In closing, I’ve argued that the despite the initial intuitiveness and popularity of the egg-first view, the chicken-first view has several advantages. For those who view this as a purely semantic debate, you could eliminate the verbal dispute by following Aristotle and making a distinction between two different kinds of eggs: chicken-produced eggs and chicken-producing eggs (Jansen, 2006). If one specifies the former, then the chicken came first. If one specifies the latter, then the egg came first. The End.

 

Works cited

What came first, the chicken or the egg? the definitive answer. (2006). Retrieved from https://www.theguardian.com/science/2006/may/26/uknews

Jansen, Ludger (2006). It’s Chicken and Eggs again: Vagueness, Quasi-Species, and Evolution. Conceptus: Zeitschrift Fur Philosophie 36 (89):71-77.

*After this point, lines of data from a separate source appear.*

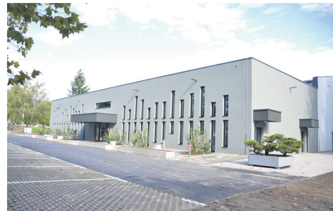
Slavnostno odprte prenovljene in dograjene športne dvorane Slovenska Bistrica je bilo v sredo, 28. septembra.

V Slovenski Bistrici so ta teden slavnostno odprli vrata prenovljene in dograjene športne dvorane. Na Ptujju je bila z občinskim denarjem nazadnje zgrajena Športna dvorana Ljudski vrt, leta 2006, torej pred 16 leti.
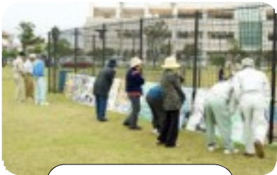
パネル展も大好評
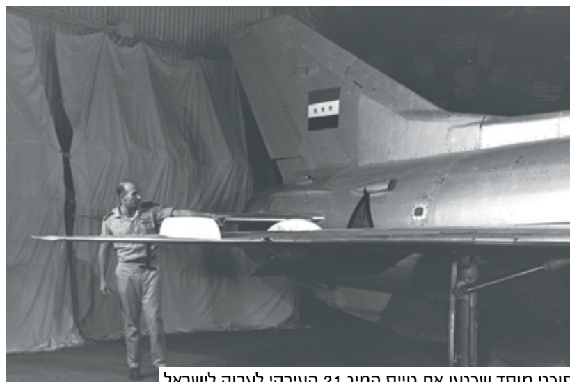
סוכני מוסד שכנעו את טייס המיג 21 העירקי לערוק לישראל
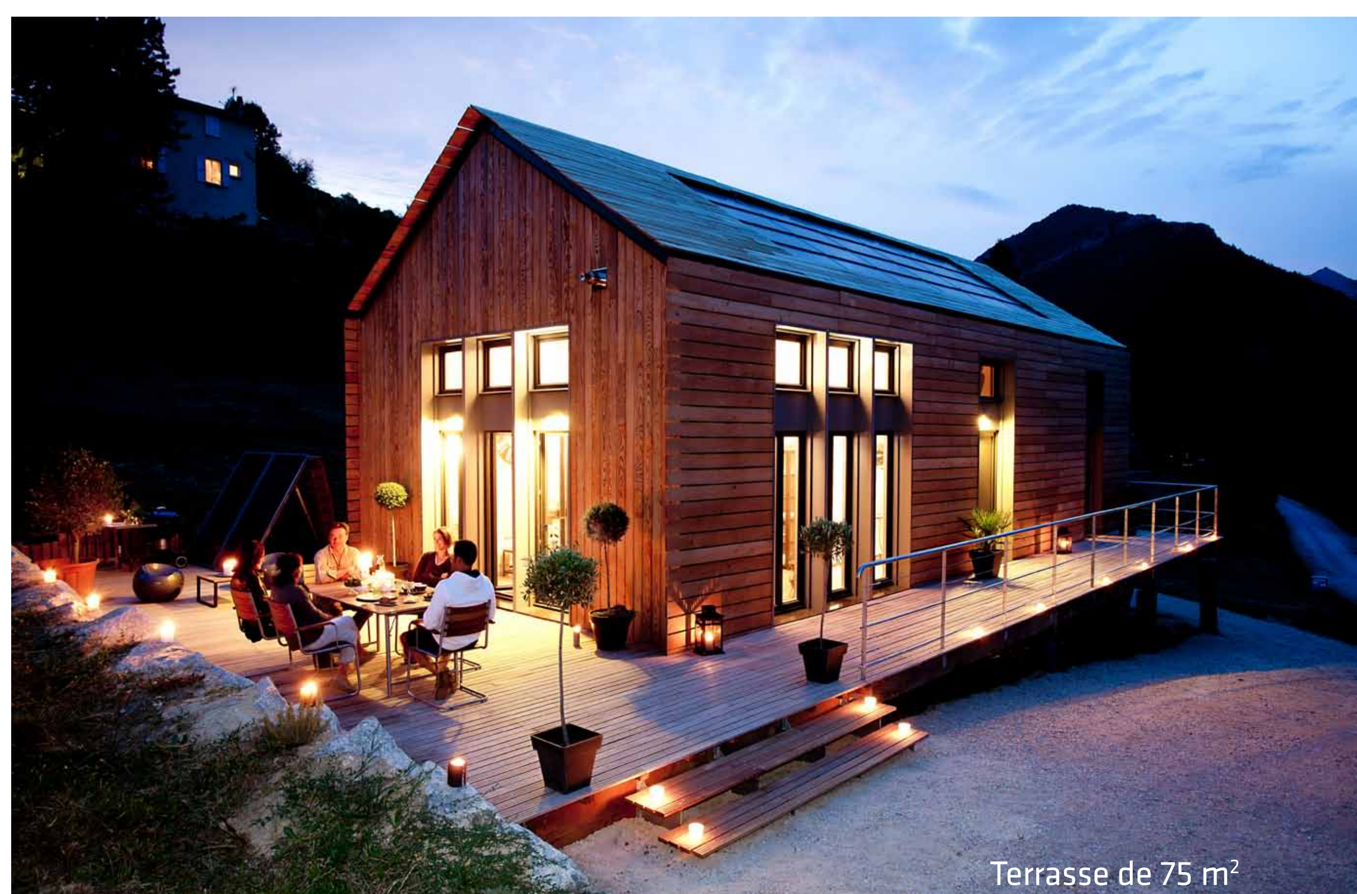
Terrasse de 75 m 2
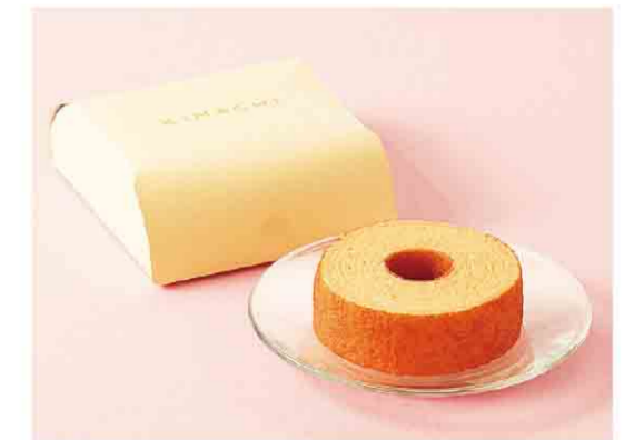
B052603 〈パティスリー キハチ〉 プティBOX パームクーヘン 税込 346 円(本体価格320円) 1個入/箱サイズ:約9.0×10.0×3.5cm 賞味期限:製造日から30日間
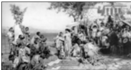
Г. Семирадский. Фрина на празднике Посейдона в Элевсине.

Но люди, ждавшие от искусства не только возможности сострадать несчастному, бедному, униженному, но просто Красоты, искали возможность заказать портрет у хорошего художника, увидеть картины, выполненные на заказ. Маковский, как сын художника, помнил такие моменты с детства, например, ему врезались в память обращенные к матери слова отца, которого
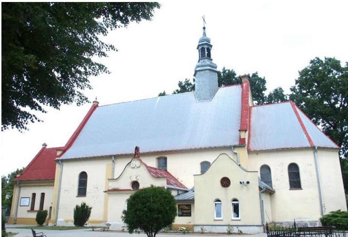
Rysunek 1 Kościół parafialny pw. Wniebowzięcia NMP w Marzeninie źródło: Strategia Rozwoju Gminy Sędziejowice na lata 2021-2026

Dwór w Sędziejowicach - Kolonii – Zespół dworsko - parkowy w Sędziejowicach - Kolonii powstał w 1 połowie XIX w. (około 1840 r.). Sam budynek został przebudowany na początku XX w. Neoklasycystyczny dwór, wzniesiony na planie prostokąta to parterowy, murowany budynek. Od frontu znajduje się ganek z dwiema parami kolumn, na których wsparty jest zbudowany później balkon. Frontowe drzwi zdobią stylizowane promienie słoneczne. Ściany w narożach wzmocnione szkarpami. Niegdyś dwór pokryty był dachówką, którą po remoncie wykonanym w 1978 r. zastąpiono blachą ocynkowaną. Nakryty czterospadowym dachem mansardowym.
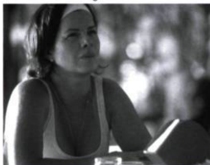
Casa de los Babys.

Appartient à l'écurie des frères Coen, qui lui offrent le rôle de Verna Bernbaum dans Miller's Crossing . On la sent s'amuser follement de l'ambiguïté d'un personnage dangereux, mélange explosif d'énergie sexuelle, de stratégie politique et d'instinct maternel démesuré. Il lui faut dix ans pour voir descendre sur elle la grâce d'un autre grand rôle. C'est celui de Lee Krasner dans Pollock , autre débordement maternel, doublé cette fois d'une vive intelligence et d'une détermination sans faille. Clint Eastwood perçoit en elle la générosité et la tendresse indispensables au personnage de Celeste Boyle dans Mystic River . Trois grands rôles en plus de 20 ans de carrière, c'est assurément trop peu. – M.J.
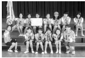
【美和地区】 中橋・蜂須賀第1・第2
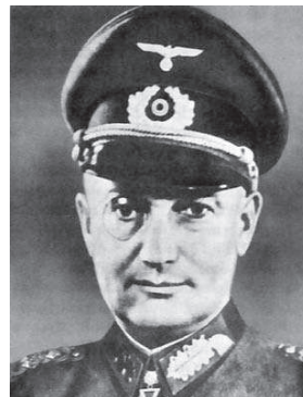
Gen. feldmaršalas Walteris Modelis (1891-1945)
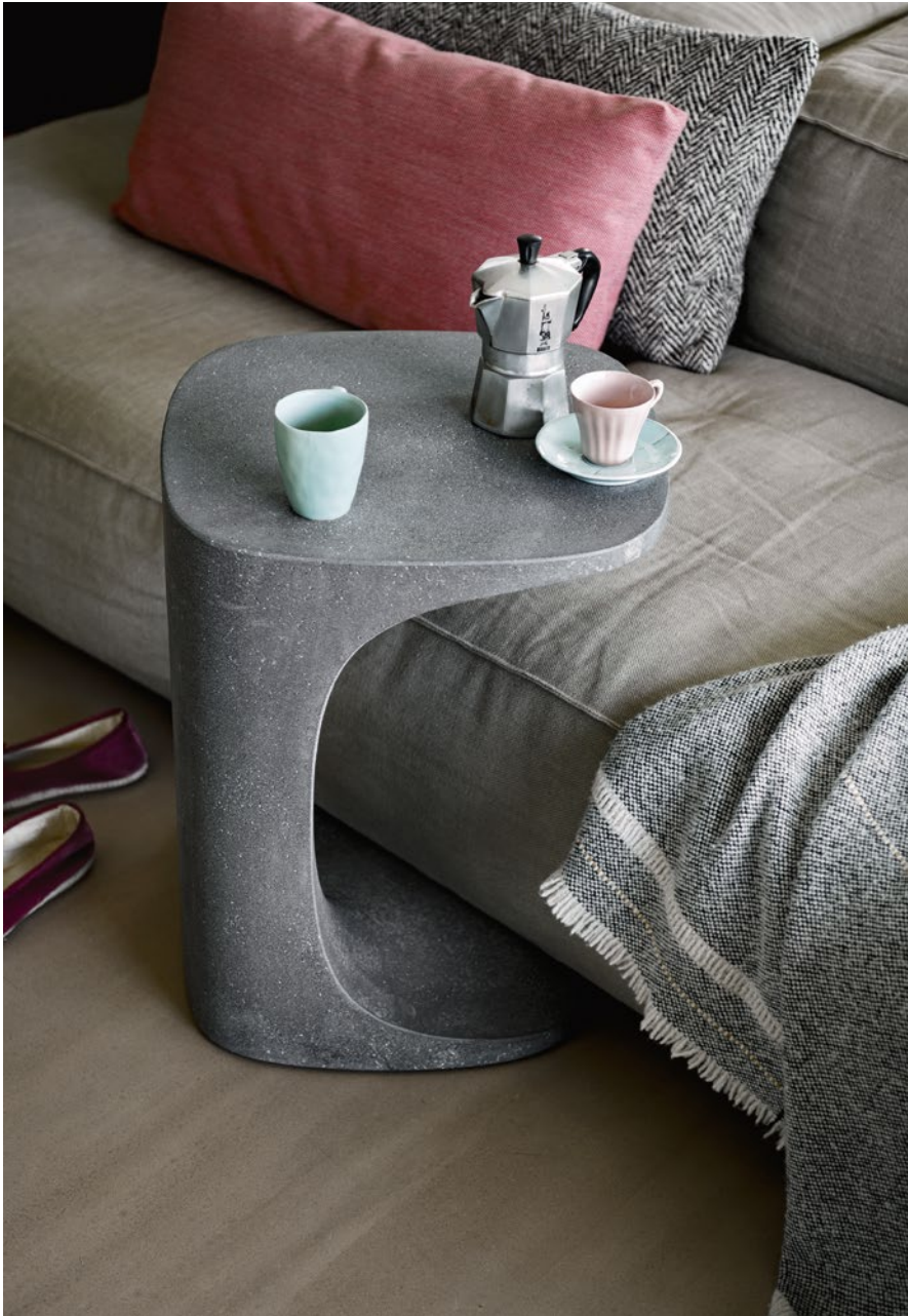
Font occasional table Cement
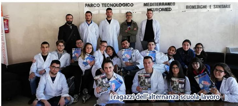
i ragazzi dell'alternanza scuola-lavoro
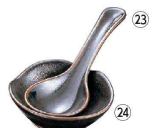
㉓ 柚子天目 小レンゲ T03-239 〈RLV-L2〉 1-2122-2301 ¥2,000 158×55
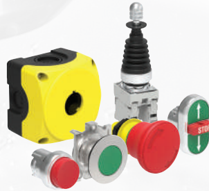
Befehls- und Meldegeräte
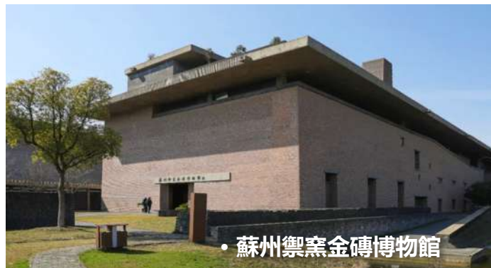
• 蘇州禦窯金磚博物館
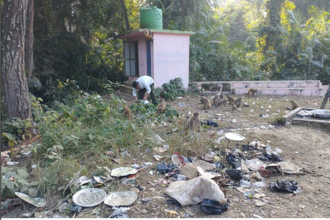
पर्सागढी नगरपालिका वडा नं १ स्थित कोइलाभारमाई मन्दिर परिसरमा फैलिएको फोहोर।
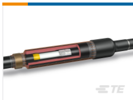
TE 产品编号C09539-000 POLJ-01/4X10-35(S10)
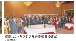
福岡/2014年アジア都市景観賞授賞式 (交流会)
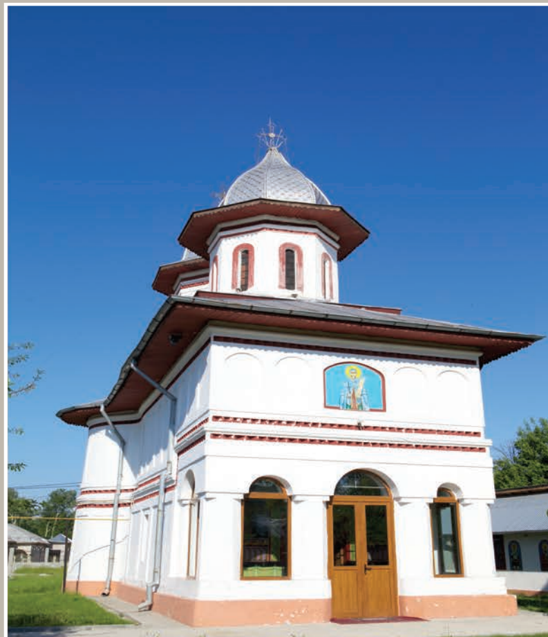
Vedere Nord-Vest – Pridvor cu Tablou Hram

Sorensen, R. (2003). A Brief History of the Paradox: Philosophy and the Labyrinths of the Mind. Oxford University Press.

Sorensen, R. A. (1992). The egg came before the chicken. Mind101(403).

Waller, D. (1998). The chicken and her egg. Mind107(428), 851-853.


 *"The Final Chapter" is an allusion to the subtitle of Friday the 13th Part 4. The series continued well after the "final chapter" (seven additional sequels and a remake), and I expect debates on this issue will not end any time soon.